Sandsa pulled her into his chest and pressed his lips to her forehead. ‘I do. This war feels never-ending and it has been but a fortnight. Eventually the numbers opposing us will dwindle.’

‘Our numbers aren’t as exhaustive as theirs,’ Callista said, her sigh ghosting over the nipple hidden beneath his clothes.

He twitched in response. ‘Ah. Yes. There needs to be one decisive encounter then.’

She breathed against his chest again. The nipple hardened, pushing against his shirt.

‘Callista…’

‘Mmm?’

After darting a quick look around at the nearby clanspeople, who were dusting themselves off and heading for the safety of whichever headquarters they had originated from, Callista slid her hand under Sandsa’s shirt and rested it against his abdomen. The blond hairs on his stomach shivered as she followed their trail down to the belt that kept her from venturing further. Then she struck, cupping the interested bulge at the front of his pants. Sandsa cursed.

‘Where did you learn those words?’ she asked with a smirk.

‘I hardly think that matters right now!’

Callista would not have described her response as a giggle, but anyone listening might have mistaken it as one. She took his hand and led him into the empty mansion where she threw him against a couch she had passed on her way back down from the balcony earlier. They entwined and she lost herself in the hot, wet kisses that followed, in the confusion of skin on skin, never knowing which part was touching where. His pants had been wriggled to his knees at some point.

‘Please,’ he whispered, no words or thoughts stretching the sentence further.

Callista’s fingers danced over him, moving lower and lower. When she finished tracing a line down his soft skin to the crease of his leg, his cock twitched towards her palm and she shot him a look. ‘Are you doing that on purpose?’

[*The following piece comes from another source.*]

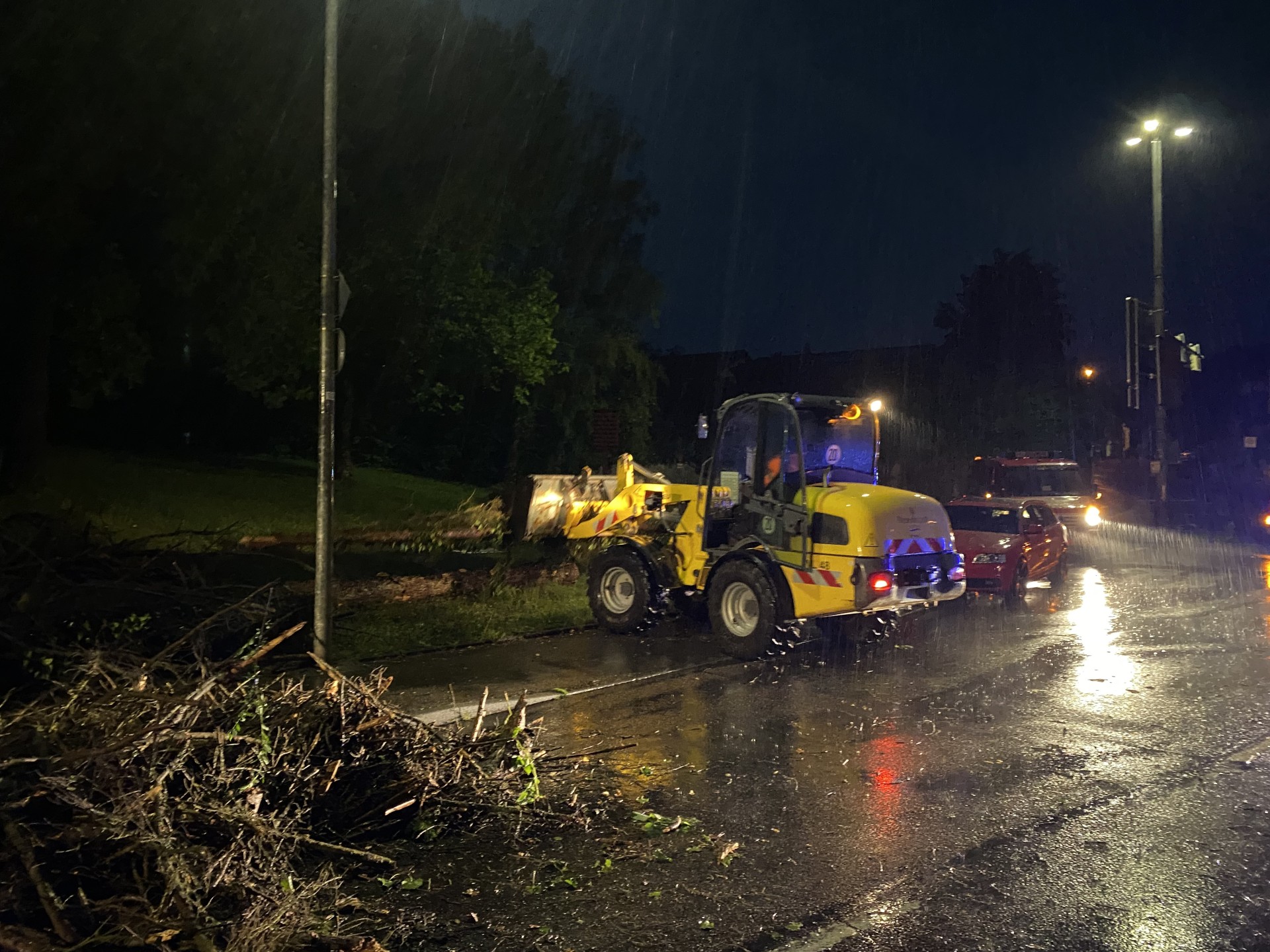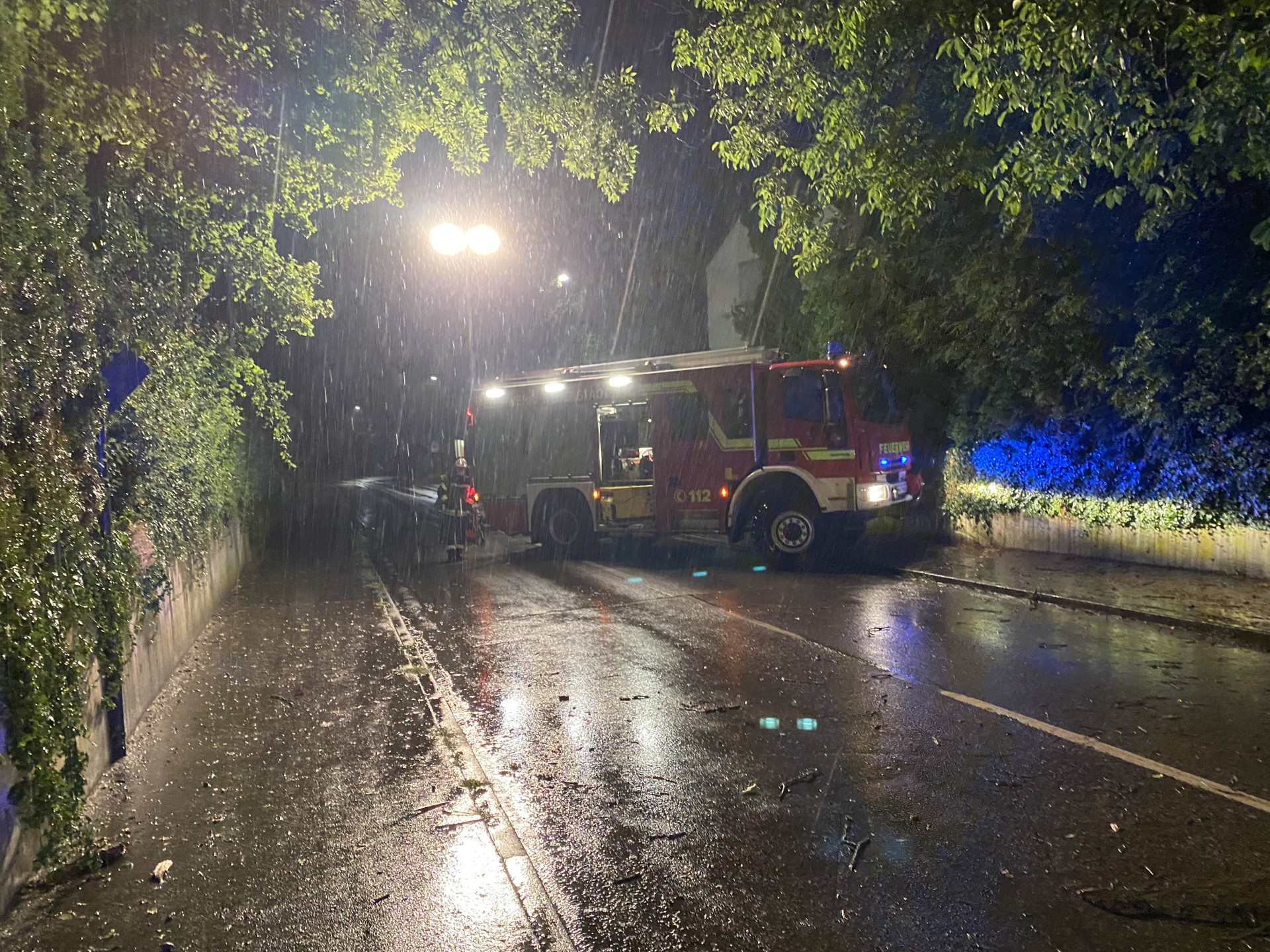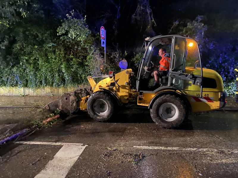 Durch Blitzeinschlag und Starkregen kam es in Neuenstadt und in Cleversulzbach auf der K2007 zum Umstürzen von Bäumen, die die Straßen blockierten.

‘No…’ His eyes closed. ‘Callista…

Her clitoris throbbed impatiently in response and Callista held in the moan. Carefully balancing herself on his thighs, she teased her fingers along his hardening shaft. He hissed when she reached the tip, where a bead of moisture was slowly forming. On impulse, Callista bent over and captured the drop with her lips. It was salty and thicker than water and somehow not as disgusting as she’d imagined. Sandsa’s hips rose. She kissed him again, then slid her tongue over the area, wetting it, drawing desperate sounds from him —

The communicator in her ear buzzed.

Sandsa groaned.

Callista grabbed her earpiece and yanked it out, tempted to hurl the device against the wall. She glanced down at the veined member that still stood to attention, distracted, wanting to continue tasting it. Sandsa’s eyes were now open, wide and desperate.

Callista cleared her throat and activated the earpiece now cradled in her palm. ‘Yes?’

‘Thought you two could sense this kinda disturbance with your powers?’ Ala’s voice asked.

Callista sighed, her spare hand still casually exploring Sandsa. He had been rising from the couch to join the conversation but flopped backwards and laced his fingers over his face, muttering something under his breath.

‘Ala, I’m a little preoccupied at the moment — ’ Callista began.

‘I bet you are.’

‘Ala! Just tell me what I need to know.’

Armed with the knowledge of an attack directed at the Zatzat headquarters, Callista nipped Sandsa’s lips then leapt off his lap. He followed her, belting his pants back on, and looped his arms around her waist. Callista found herself pulled back into the curve formed by his chest as he lay sweet little kisses along one side of her neck. She drank in his attention for a moment more, then tore away from his embrace.

‘We can finish that conversation another time,’ she said, winking.

‘I anticipate that conclusion with every breath.’ Sandsa’s mournful expression dissolved. ‘Now. What do you need me to do?’